School Library Journal:
Grade 6-9. In this understated story set in a small, mostly African-American community in the South, Staggerlee Canan is shunned by her peers because her mother is white. This is not the sole cause of her isolation, however. She has a secret. In sixth grade, she had kissed another girl. Rejected by that friend, Staggerlee has no one to talk to about her sexual feelings until her adopted cousin, Trout, visits for the summer when both girls are 14. Both wonder if they are gay, but sexual identity is really only one of the things that troubles them. Their platonic intimacy is the intense kind shared by friends who see themselves as different from the crowd. Asked by Trout to say whether she's black or white, Staggerlee replies, "I'm me. That's all." That they seem to be taking different paths in the end adds to the story's poignancy. This richly layered novel will be appreciated for its affecting look at the anxious wonderings of presexual teens, its portrait of a complex interracial family, and its snapshot of the emotionally wrenching but inarticulate adolescent search for self. It's notable both for its quality and for the out-of-the-way places it goes.

Habibi

Nye, Naomi Shihab. (1997). Habibi. New York: Simon & Schuster. ISBN 0689801491.

Habibi is the story of Liyana, a teenaged Arab-American girl whose father—who she calls Poppy—wants to take her family back to his homeland.
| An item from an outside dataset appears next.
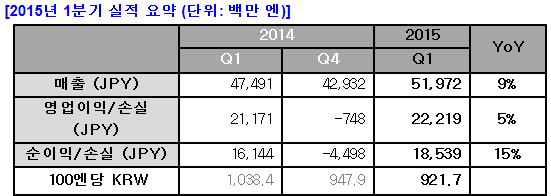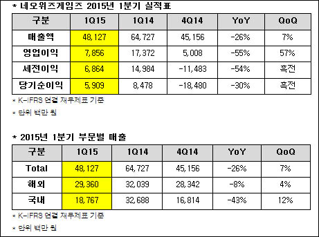 ... 2015년 1분기는 중국 춘절 성수기 영향으로 해외 매출이 소폭 상승했고 국내 매출 상승은 기존 게임들의 매출 유지에 기인했다고 회사 측은 전했다. 네오위즈게임즈는 2분기 중 PC 온라인게임 ‘애스커’의 2차 비공개 테스트를 실시하고 모바일 RPG(역할수행게임) '퓨

The Holy Land of Jerusalem. Palestine. At first, all she can think about is leaving her life which was just beginning to get REALLY interesting since Jackson had unexpectedly kissed her at the movie theatre. Now what would happen with that? She was about to start high school. What about all of her friends? And her father had been an immigrant when he had come to the United States to go to Medical School—he had thought that hot dogs were made of dog meat. Now she would be the immigrant.

But it was important for Poppy that she and her brother Rafik know the land where he had grown up. For them to know their Sitti—their grandmother.

As much as Liyana wanted to make her father happy, it was hard to think of all she’d be leaving behind for a land she didn’t know. A land completely foreign to her. A land where she wouldn’t be able to wear the same clothes or experiment with make up. Or kiss boys. And things didn’t look any brighter when her family was singled out and asked to stand in the “trouble maker” line at the airport upon their arrival.

After being swept away by a hubbub of noisily celebrating Palestinian relatives, their lives settle into some sort of normalcy. Though Rafik and Liyana both go to different schools, they both make friends—even a friend in a refugee camp, Khaled, they meet chasing down a neighbor’s escaped chicken. Little by little, Jerusalem becomes their own. It becomes home. She even begins to appreciate her Sitti, her grandmother, who though her ways and thoughts may seem archaic, is a dear loving woman, similar in many ways to the American grandmother Liyana left behind.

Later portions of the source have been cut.